On Wed, Oct 30, 2013 at 8:37 AM, Hervé Pagès <hpa...@fhcrc.org> wrote:

>
> On 10/30/2013 07:55 AM, Michael Lawrence wrote:
>
>>
>>
>>
>> On Tue, Oct 29, 2013 at 5:55 PM, Hervé Pagès <hpa...@fhcrc.org
>> <mailto:hpa...@fhcrc.org>> wrote:
>>
>>     Hi Michael,
>>
>>     In Bioc < 2.13, subsetting was a mess. In particular, handling of
>>     list-like subscripts was rather unpredictable. It would work only
>>     if you were lucky enough to try it with one of the few supported
>>     types (like IntegerList, LogicalList, or IRangesList), but it didn't
>>     work for other very natural types like list or CharacterList.
>>     Or it would work for [ but not for [<-, or vice-versa:
>>
>>        x <- splitAsList(letters[1:6], c(2, 4, 3, 2, 2, 4))
>>        x[list(1)]            # doesn't work in BioC < 2.13!
>>        x[list(1)] <- "XX"    # works in BioC < 2.13!
>>
>>     Or, if both [ and [<- worked, they could behave inconsistently: one
>>     would require the list-like subscript to have the same length as 'x'
>>     but the other wouldn't. Or one would use the names on the subscript
>>     and on 'x' to map the list elements between the two, but the other
>>     wouldn't.
>>
>>     Hopefully in BioC 2.13, subsetting behaves more consistently (at least
>>     that was the intention). For example now the names on the subscript
>> and
>>     on 'x' are always used to map the list elements between the two:
>>
>>        > x[list(`4`=2:1)]
>>        CharacterList of length 1
>>        [["4"]] f b
>>
>>     Also now, it's an error if the subscript has names but 'x' has not:
>>
>>        > unname(x)[list(`4`=2:1)]
>>        Error in subsetListByList(x, i) :
>>
>>          cannot subscript an unnamed list-like object by a named
>>     list-like object
>>
>>     (I should probably change this message for: "cannot subset an unnamed
>>     list-like object by a named list-like subscript".)
>>
>>     This is to be consistent with subsetting a Vector object by name,
>> which
>>     fails if 'x' has no names:
>>
>>        > IRanges(1:4, 5)["a"]
>>
>>        Error in normalizeSingleBracketSubscrip**__t(i, x) :
>>          cannot subset by character when names are NULL
>>
>>     If the subscript is a list-like object with names, the assumption is
>>     that the user intended those names to be mapped against 'x' names.
>>
>>
>>
>> Why make this assumption?
>>
>
> As I said, this is how [<- was behaving in Bioc < 2.13, but not [.

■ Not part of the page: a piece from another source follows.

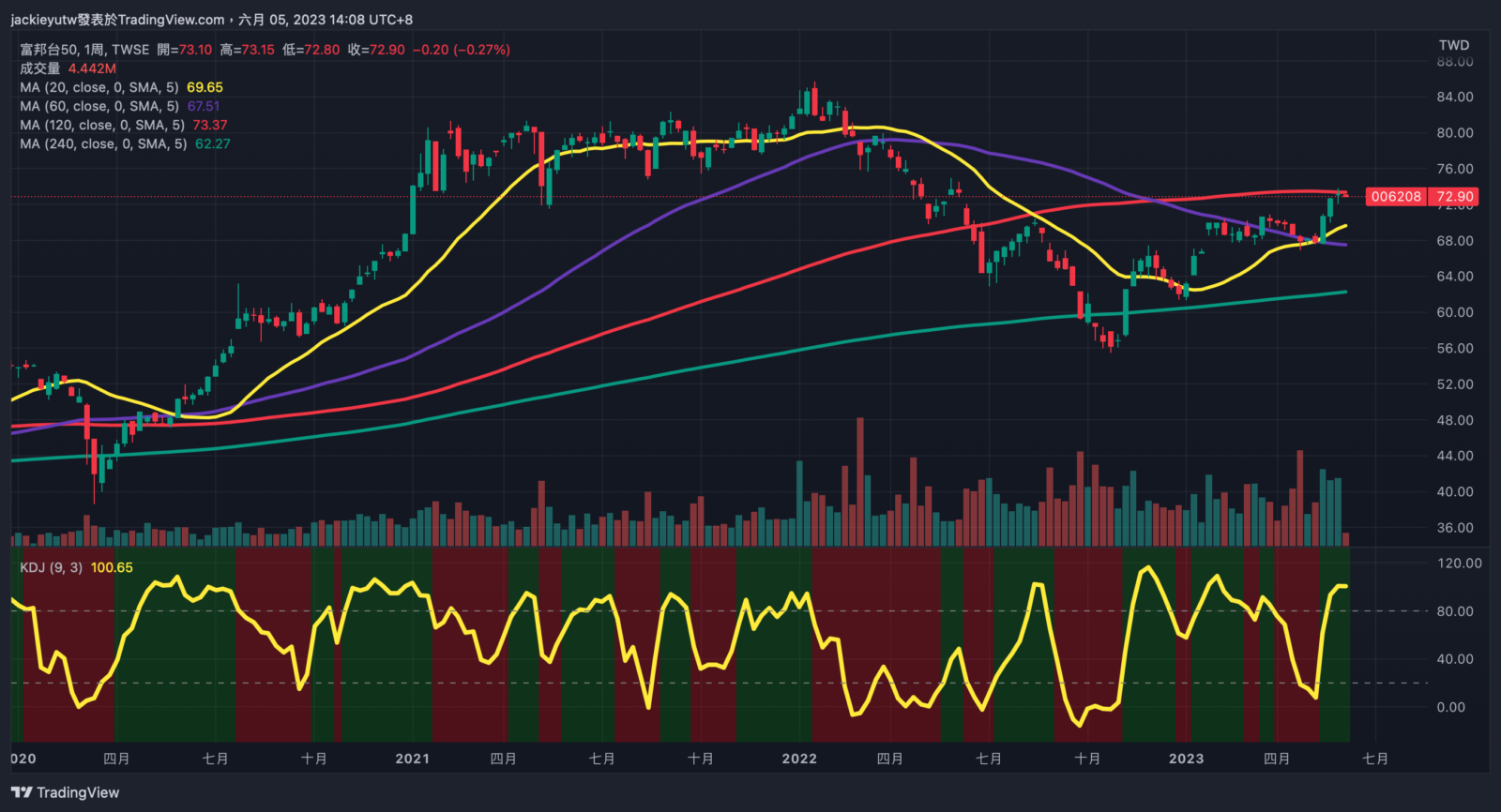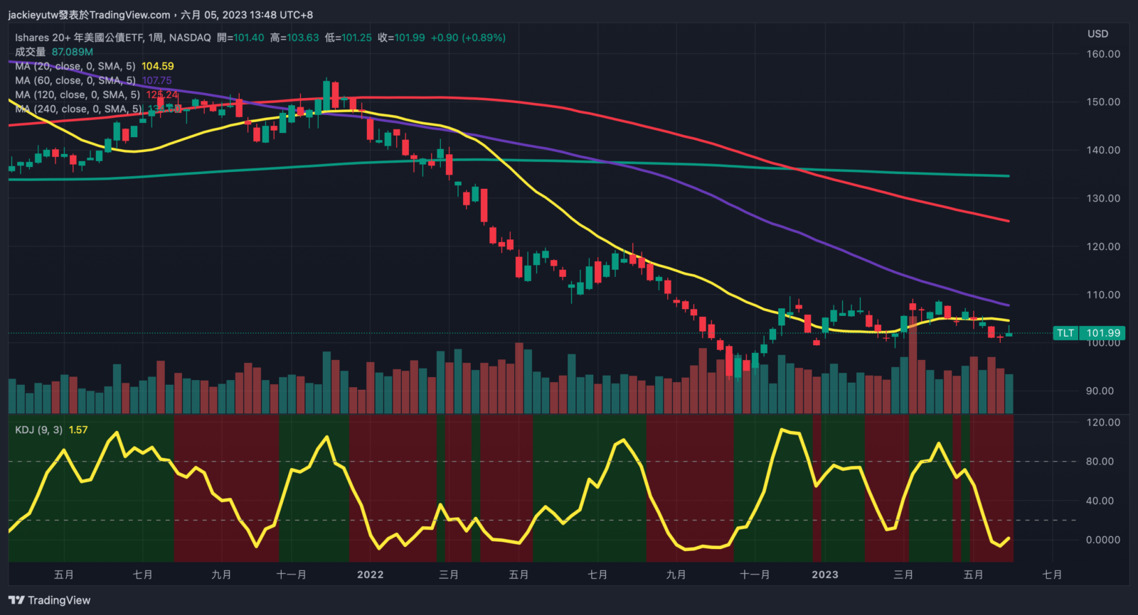 - 上週債券價格幾乎都在反彈,即便週乖離仍在長期低檔,我並沒有買入,因為成本價其實差不多,基本這一輪債券回跌我已經佈建滿多,本輪債券佈建,我是去年年底,升息尾聲時開始佈建債券,主要有三次佈建時刻,分別是在去年 10 月、今年 3 月與現在,老實說近兩次的乖離回調,價格都沒有破前低,讓我的債券平均成本價被迫拉高,TLT 成本價已經貼近於 100 元。
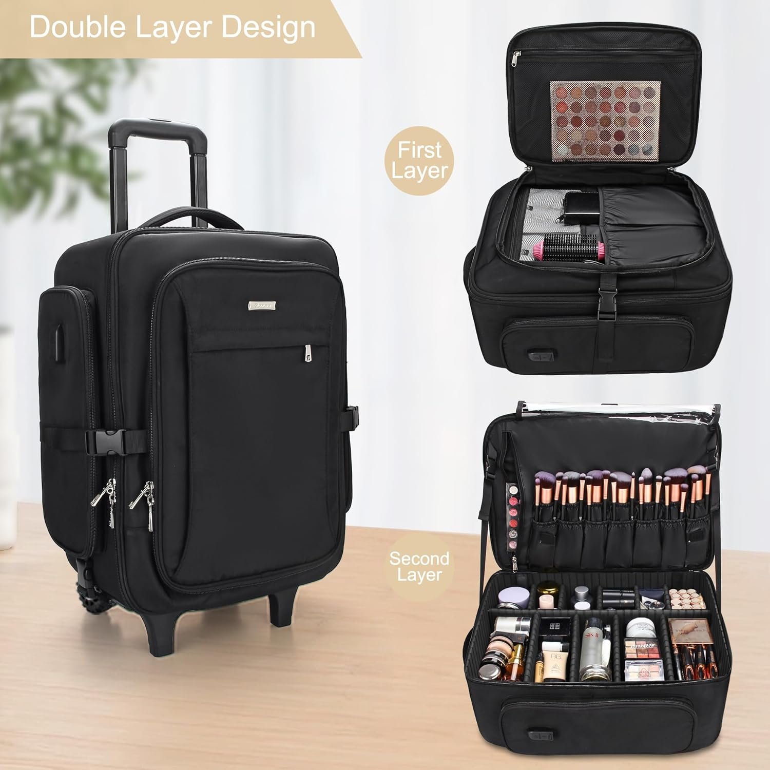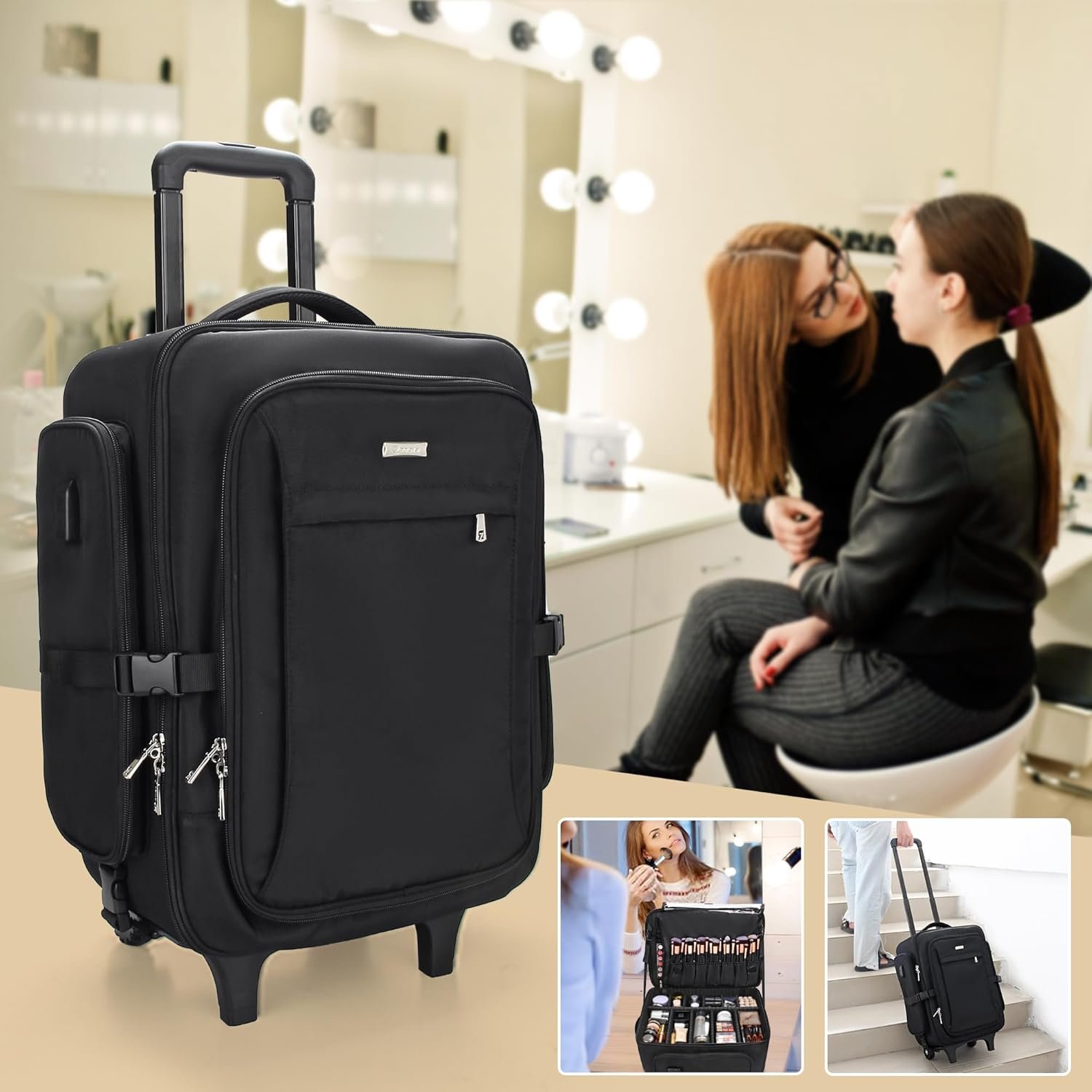 【Muiti-Compartments & Large Capacity Trolley】The rolling makeup case with extra large capacity, which can meet the storage needs of a professional makeup artist. With 2 layer design, professional makeup brush slots, an insulated side pocket for curling iron, and several zippered pockets.

> When reunifying a choice has to be made, and I chose to make [
> behave like [<- and not the other way around. For 3 reasons:
>   1. It makes subsetting by a list-like object more flexible.
>
  2. It feels more consistent with what subsetting a Vector object
>      by name does.
>   3. It's also consistent with what findOverlaps() and
>      subsetByOverlaps() have been doing for years on named
>      RangesList objects.
>
>
>  Three users here have not made it and were
>> surprised by the names on the index having any relevance to extraction.
>>
>
> The good news is that now that they've been surprised by this, they
> won't be surprised by the behavior of subsetByOverlaps() ;-)

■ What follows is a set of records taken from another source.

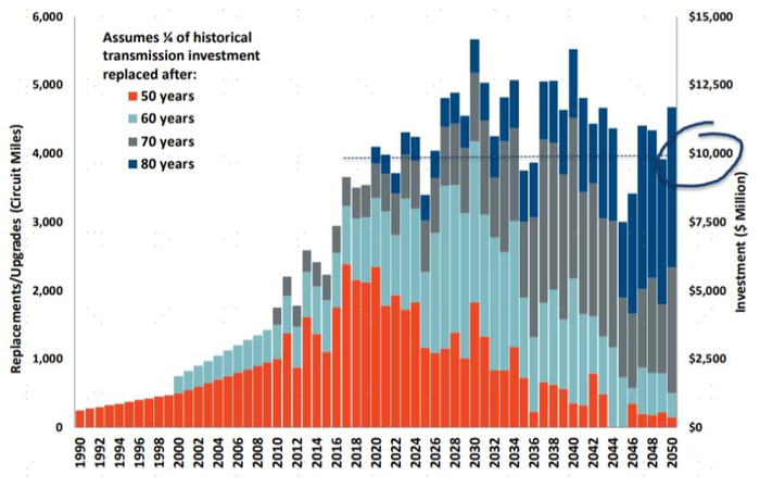 图表20:美国输电线路改造需求预测
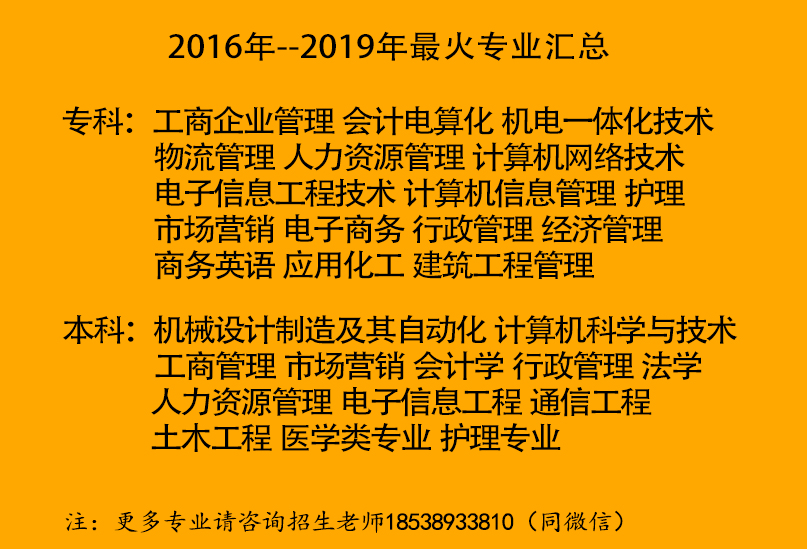 下面为大家列出2016年--2019年的报考热门专业,同学们可以结合自己的情况选择:
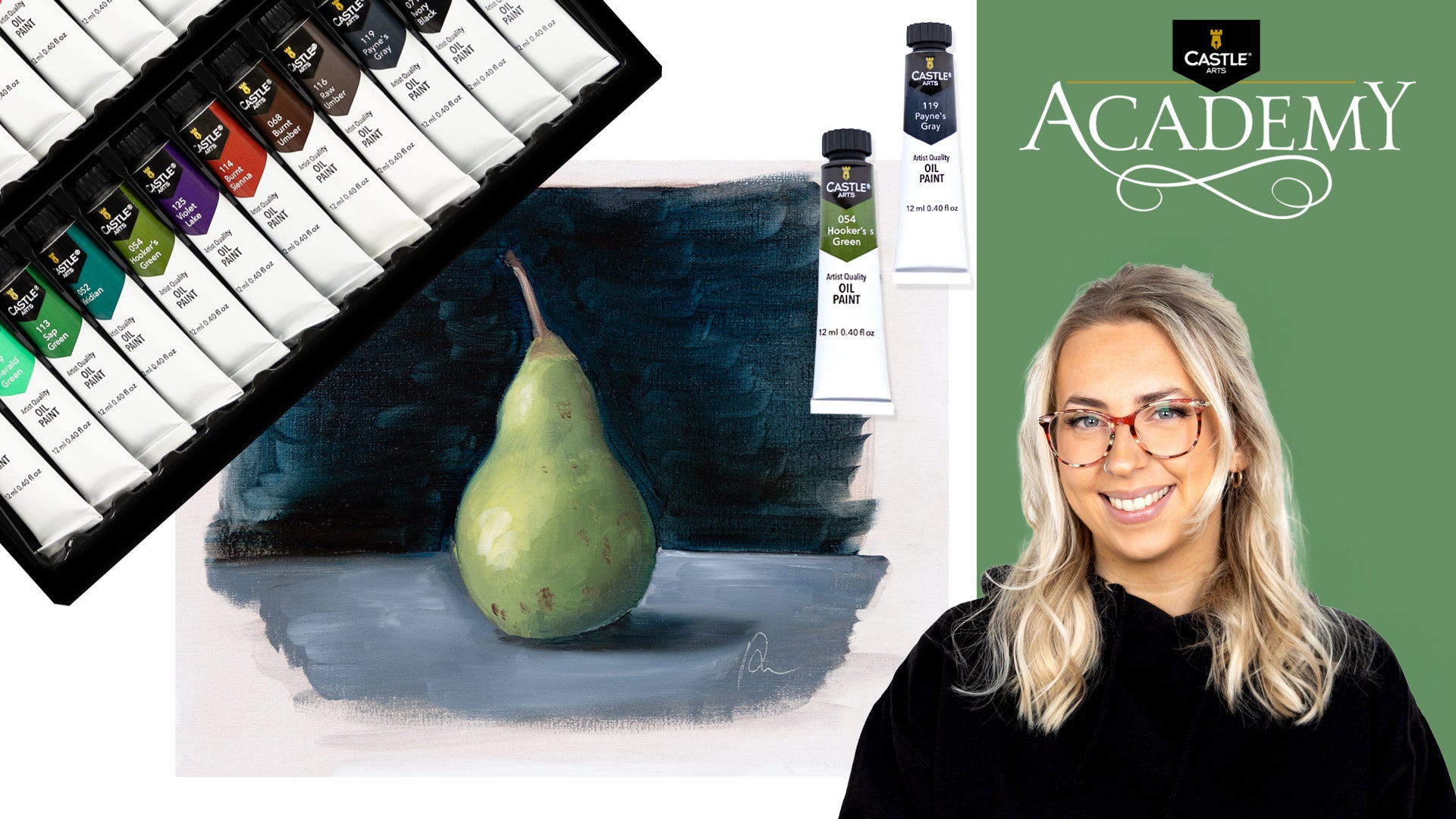24 x 12ml tubes: Citroengeel, Cadmiumgeel, Terracotta licht, Geel oker diep, Koraal, Vermiljoen, Alizarine karmozijnrood, Roze, Paars meer, Pruisisch blauw, Ultramarijn, Kobaltblauw, Blauwgroen, Smaragdgroen, PHthalo Groen, Kasteelgroen, Pruisisch groen, Frans violet, Gebrande Sienna, Gebrande omber, Van Dyck-bruin, Houtskoolgrijs, Lampzwart en CChinees Wit.

> We cannot totally eliminate user surprises (depends too much on
> individual backgrounds), but we can minimize them by providing
> consistent behavior.
>
>
A long time ago we decided that the extraction should just happen in
parallel, and that subsetByOverlaps on RangesList was a special case (it's
already so different from basic [ extraction). Apparently, we forgot to
take out the [<- stuff. So I would argue that the change should go the
other way. Users will not expect the name-based matching. At least that was
the consensus 4 years ago.

Others should chime on in this discussion. Should List-wise extraction and
replacement match by the names of the List elements?

H.
>
>
>
>>     If 'x' doesn't have names, I think it should fail rather than silently
>>     fall back to position-based mapping. So at least you give a chance
>>     to the user to either put names on 'x' (maybe s/he just forgot) or to
>>     remove them from the subscript. If we really want to fall back to
>>     position-based mapping, at least it should issue a warning, I think.
>>
>>     One thing I didn't change from pre-BioC-2.13 behavior is that a
>>     list-like subscript (when unnamed) is not recycled along 'x'. It's
>>     open to discussion whether this would be a good thing to have or not.
>>     Changing this would be pretty disruptive though...
>>
>>     Cheers,
>>     H.
>>
>>
>>
>>     On 10/29/2013 03:51 PM, Michael Lawrence wrote:
>>
>>         I think we should just drop the names for the user. The Bioc <2.13
>>         behavior seems reasonable to me. Please elaborate on the subtle
>>         issues.
>>         Most users would not expect the *names* on the index to have any
>>         effect
>>         on the extraction, in accordance with the behavior of ordinary
>>         vectors.
>>         The only difference with Lists is that there is a partitioning,
>>         which
>>         seems unrelated to naming.
>>
>>         Michael
>>
>>
>>         On Tue, Oct 29, 2013 at 3:40 PM, Hervé Pagès <hpa...@fhcrc.org
>>         <mailto:hpa...@fhcrc.org>
>>         <mailto:hpa...@fhcrc.org <mailto:hpa...@fhcrc.org>>> wrote:
>>
>>              Hi Thomas,
>>
>>              For the same reasons that you cannot subset by names a
>>         Vector object
>>              with no names:
>>
>>                 > IRanges(1:4, width=10)[letters[1:4]]
>>                 Error in normalizeSingleBracketSubscrip**____t(i, x) :
>>
>>
>>                   cannot subset by character when names are NULL
>>
>>              you cannot subset an unnamed List object using a named
>>         list-like
>>              subscript. So in your case, just remove the names on
>>         'keep_ranges'
>>              (which are probably not desired anyway) before using it as a
>>              subscript:
>>
>>
>>                 > keep_ranges
>>                 CompressedIRangesList of length 18
>>                 $`1`
>>                 IRanges of length 1
>>                     start end width
>>                 [1]    20 108    89
>>
>>                 $`2`
>>                 IRanges of length 1
>>                     start end width
>>                 [1]    43 131    89
>>
>>                 $`3`
>>                 IRanges of length 1
>>                     start end width
>>                 [1]    21 105    85
>>
>>                 ...
>>                 <15 more elements>
>>
>>                 > return_rles[ unname(keep_ranges) ]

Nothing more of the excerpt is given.